At this point, society often reacts in the wrong direction.
It calls for cutting private education, for regulating it, and talks as if suppressing the exam market would solve the problem.
But that approach can't change reality.
Because the demand for good education itself doesn't go away.
People can hire more expensive tutors, route around it with superior information, or pull out into overseas education altogether.
As always, the ones who best exploit the gaps in regulation are those who already have capital and networks.
Conversely, the ones hit hardest
are the people who, with what limited money they had, were at least getting some help from private education.
So regulating private education is not a policy that creates equality.
More often, instead of erasing the gap, it's closer to a policy that makes the gap less visible.
The surface gets tidied up, but the actual inequality goes further underground and grows more cunning.
So what society really needs to do
is not to suppress good education,
but to make good education spread more widely.
It lies in how to supply, more cheaply, more broadly, and more equally, the elements private education has demonstrated: high-density educational resources, fast feedback, quality improvement through competition, and a personalized approach.
In other words, what's needed is not regulation but democratization.
The democratization of good education.
Talking about "fairness" while leaving intact a structure in which only children from wealthy homes get better explanations, more refined feedback, and higher-density learning management, is hollow.
Real fairness doesn't come from dragging everyone down.
It comes from making more people able to access the high-quality resources at the top.
I believe the problem of teachers' authority is ultimately connected to this point as well.
The reason teachers aren't respected can't be found in the attitudes of individual students alone.
Respect doesn't arise from coercion.
It forms when there is a trustworthy role, a meaningful function, and a quality you can accept as reasonable.
In a structure like today's, where public education has lost real trust, parents are anxious, and students feel the more important education happens outside of school, you can't prop up teachers' authority on its own.
Teachers' authority isn't restored by slogans.
It recovers only when trust in the entire education system recovers alongside it.
In the end, there's only one question.
How do we keep people from being pushed out of quality education simply because they have no money?
How do we make public education, at the very least, "a system that is trustworthy by default"?
If we can't answer this question, all that's left is every individual fending for themselves.
Households with money find an escape route; households without learn resignation.
And society ends up layering on more and more moral language so as not to see that gap.
But a fresh coat of paint doesn't change the structure.
It's a problem of the structure the adults built.
And if we can't change that structure, the options left to anyone who wants good education grow ever simpler.
Hold on at a steep price,
or leave altogether.
A structure in which a lack of money lands you in a wholly different tier of education is hard to call normal.
But accessibility alone is not enough.
Education doesn't get better on its own just because you leave the door open.
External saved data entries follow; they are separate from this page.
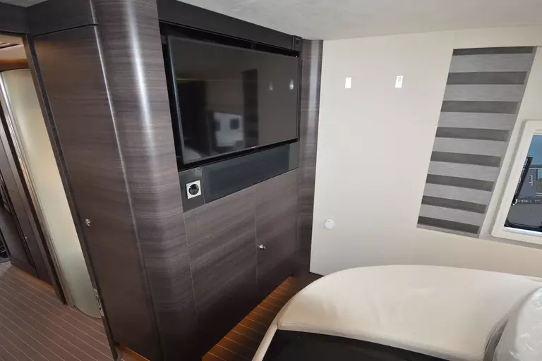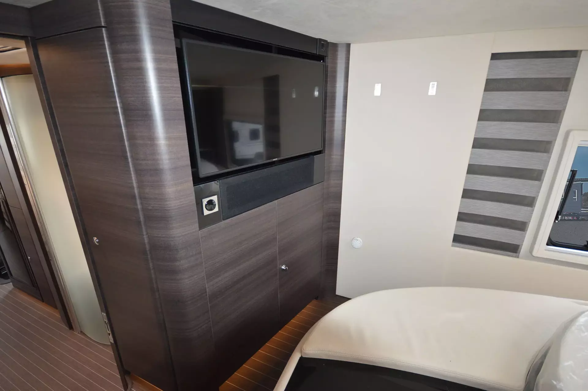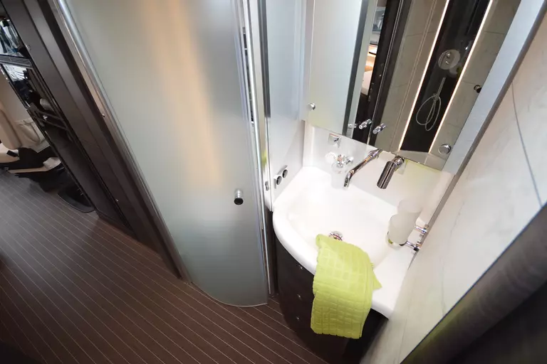 -Satelliten-TV-Anlage mit Full HD LED Smart TV 40" im Oberschrank rechts, elektrisch absenkbar (Satelliten-TV-Anlage mit 85-cm-Spiegel, vollautomatische Ausrichtung, Mehrteilnehmer-Ausstattung durch TWIN-LNB, Anschluss für zweiten Receiver mit 12 V und Antennensteckdose im Schlafraum, Tonwiedergabe über Radioanlage möglich (Fahrzeuggesamthöhe plus ca. 120 mm))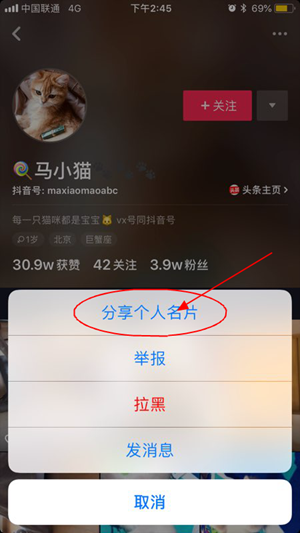 首先大家喜欢在抖音中找到自己喜欢的抖音用户,通过右上角的功能按钮选择软件的“分享个人名片”功能!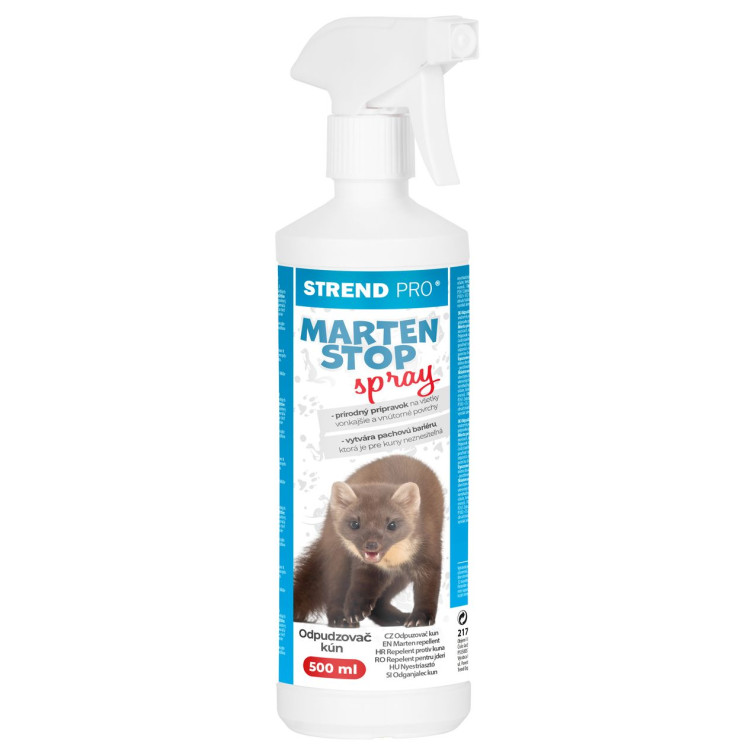 Strend Pro MARTEN STOP je vysoko účinný sprej určený na ochranu proti kunám. Je založený na špeciálnych aromatických zložkách, ktoré sú pre človeka nepostrehnuteľné, ale pre kuny veľmi nepríjemné. Po aplikácii vytvára ochrannú vrstvu odolnú voči teplu aj poveternostným vplyvom, vďaka čomu zaisťuje dlhodobú ochranu. Vhodný na použitie na plastové časti, chránené elektrické systémy, v domácnosti, na pôdach aj v garážach.
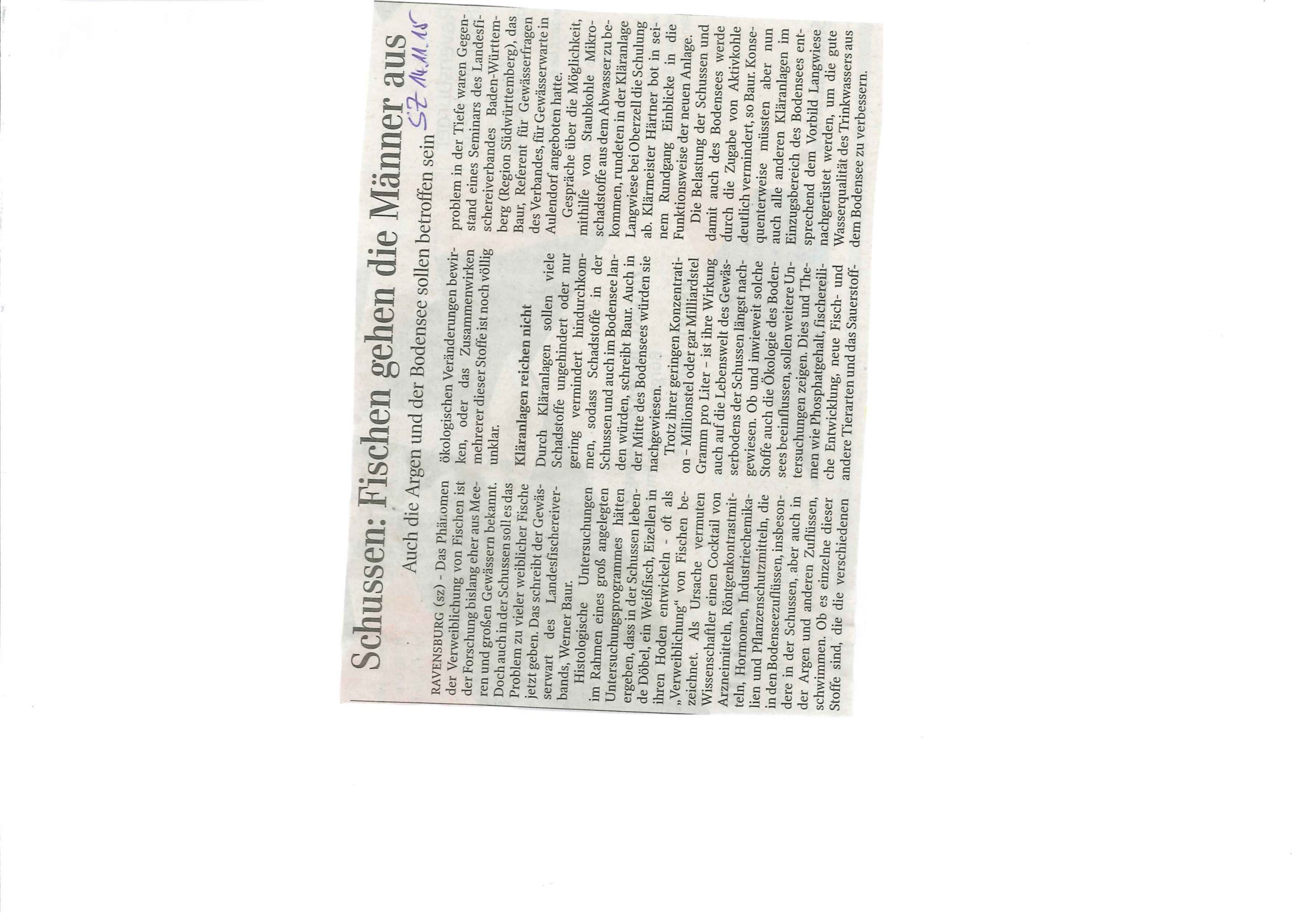 Schussen: Fischen gehen die Männer aus (Schwäbische Zeitung 14.11.2015)adminASV8. Februar 2016Pressebericht

Without competition, quality eventually stalls. In a structure where places that teach well and places that teach badly are treated the same, the motivation to do better can't survive for long either.
Everyone should be able to access good education. At the same time, within that access, quality competition among schools, teachers, and educational institutions must clearly stay alive. Good education should earn greater rewards, and bad education should either improve or be weeded out. Only then does the overall level rise.
Competition without accessibility turns education into a privilege,
and accessibility without competition drags education down to a leveled-down mediocrity.
European education models, such as France's, are worth referencing within this balance, at least on the accessibility side.
That said, the model itself can't be taken as the answer wholesale. Education must be open to everyone, but at the same time it must be a structure in which better education survives.